I guess when it comes to my daily life here, I could go for a little anonymity sometimes.
For example, one of the faculty at one of my schools (we'll call her x-sensei) likes to keep her eyes peeled for me around town. Not only this, but x-sensei likes to inform me every week that she saw me doing this or that with person A or person B. She then interrogates me. "Where were you going?" "What were you doing?" "Who was that?" "Was that your boyfriend?" I honestly think that she is trying to be friendly and strike up a conversation, but this constant haranguing becomes tiresome every week.
Also, x-sensei fails to realize that just because she has seen a white girl running about town doesn't necessarily mean it was me. There are other ALTs living in the area, too.
Some of my close Japanese friends have confided that a lot of people are just super curious about me because I look so different from everyone else (i.e. not Asian).
There's an added layer of curiosity due to the fact that I am a foreign woman. Let's remember here people, that women's lib. was not very big in Japan. To be フェミニスト (feminist) is to be associated with all the negative historical aspects of being コミュニスト (communist). Which is a very strange association, I know. It has a lot to do with the fact that in Japanese, the words have a similar pronunciation. Despite this fact, life as a single young foreign woman in Japan is a significantly different experience than being a single young foreign man.
People will whistle at you on the street. They will flirt with you. You will get hit on by men who are at least twice your age. People will try to drunkenly grab at you. If you encounter any kind of sexual misconduct and report it, you have a 90% chance that nothing at all will be done to solve your problem. 90% of the time you will be at fault for being "so cute" or just plain foreign.

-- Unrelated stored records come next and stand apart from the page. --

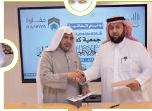
اتفاقية كفي وجمعية حفاوة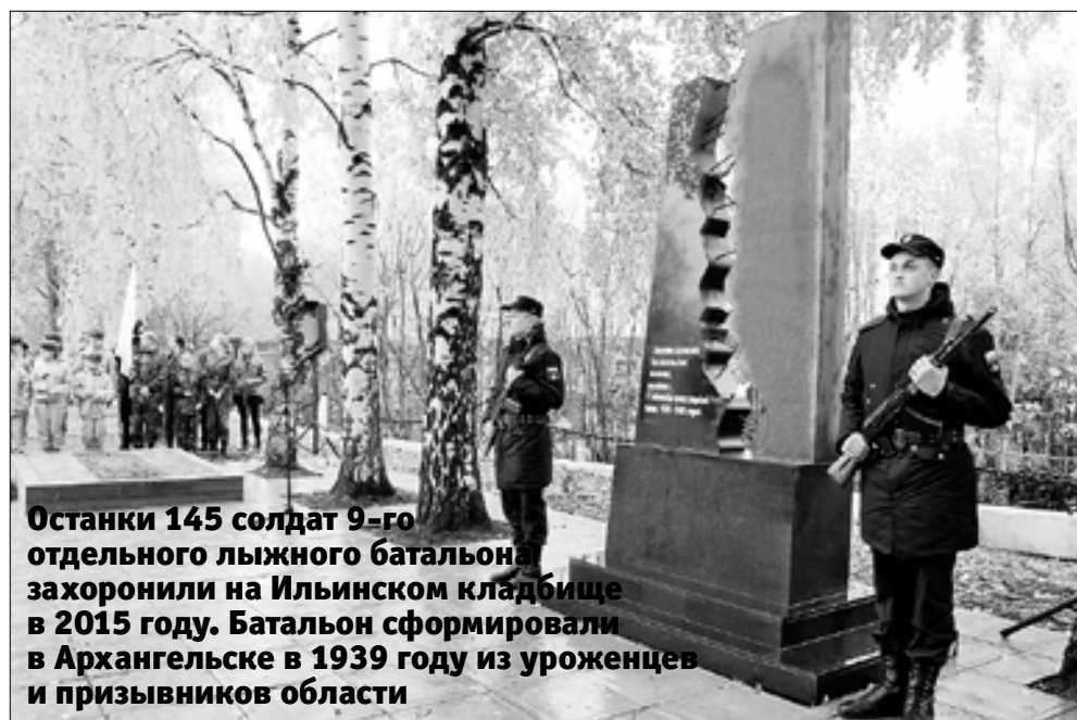
Останки 145 солдат 9-го отдельного лыжного батальона захоронили на Ильинском кладбище в 2015 году. Батальон сформировали в Архангельске в 1939 году из уроженцев и призывников области

– Мой отец был призван на фронт в ноябре 1939 года, погиб спустя два месяца. Нет ни одного дня, чтобы я о нем не вспоминала. Это был необыкновенной доброты человек. С открытием этого памятника для меня появилось место, где я смогу поклониться всем бойцам той страшной войны.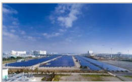
▲ 展望スペース / 構内

決められた時間に開催されるガイドツアーだよ! 開催時間や見学箇所はホームページで確認してね!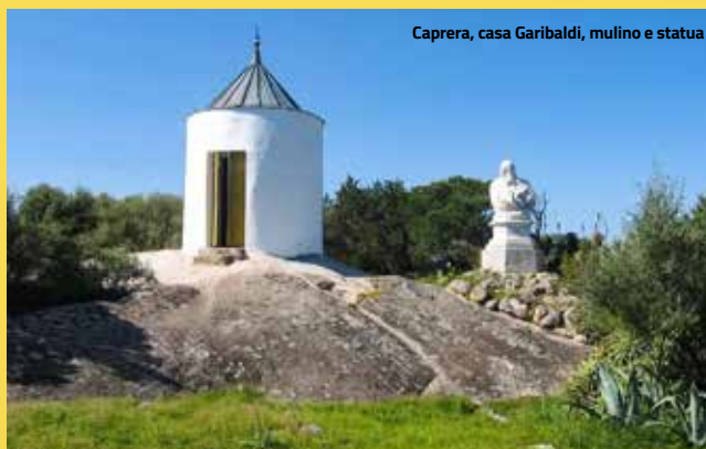
Caprera, casa Garibaldi, mulino e statua

ti di Garibaldi infatti, per alcuni giorni riuscì nell'intento di ingannare le vedette della marina tenute a vigilare. Nota a margine, il beccaccino utilizzato per la fuga in mare è conservato ancora oggi presso il Palazzo comunale di Collescipoli . Ad

It is best to know your surroundings, have your wits about you, and to not allow any kind of vulnerability occur.
I'm always paranoid that someone is following me. When you stick out like a sore thumb it's easy to get this way. I proceed with extra caution so that people do not follow me home.
There have been some unfortunate incidents in the past with some other foreign women working here. When I lived here two years ago, a British woman who was teaching English in Tokyo was murdered. Her killer is still at large. Supposedly he was last spotted in the Phillipines, but I don't believe any of that B.S.

It's OK to be curious. However, staring and gossiping is just plain rude. Curiosity can turn into obsession... which can be dangerous.
Am I afraid of living in Japan? A country with one of the lowest crime rates (well... we can dispute this in another post) in the world? Maybe the fact that I'm so far away from familiar setting is what makes me uncomfortable. In theory I shouldn't be afraid, but man, when people are watching your every move its hard not to get wierded out.

Sometimes I like to stare back or if I'm having a particularly bad day, I flip them the bird. Or I'll ask just as uncomfortable questions.

How about you? Have you guys had bad experiences? Do tell!


  1. I agree with this post!

    Also, that girl who was murdered lived in Ichikawa, where I'm living right now. D:

  2. It's funny you mention your interrogator. I have one of those at my school as well. Sometimes it's the "what did you do" "where did you go" routine that you mention. It used to be even worse though, because he would often ask the same dumb question multiple times a week. "Did you ride your bike to school today?" "No, genius, I drove a lime green Ferrari with gull doors, PS please ask me this question tomorrow".

    I honestly think it is just a strong desire of some of the teachers to practice their English, mixed with terrible social skills. It's a fearful combination.

  3. How interesting! And eye-opening! Yet, the pluses must outweigh the negatives, or you wouldn't stay, right?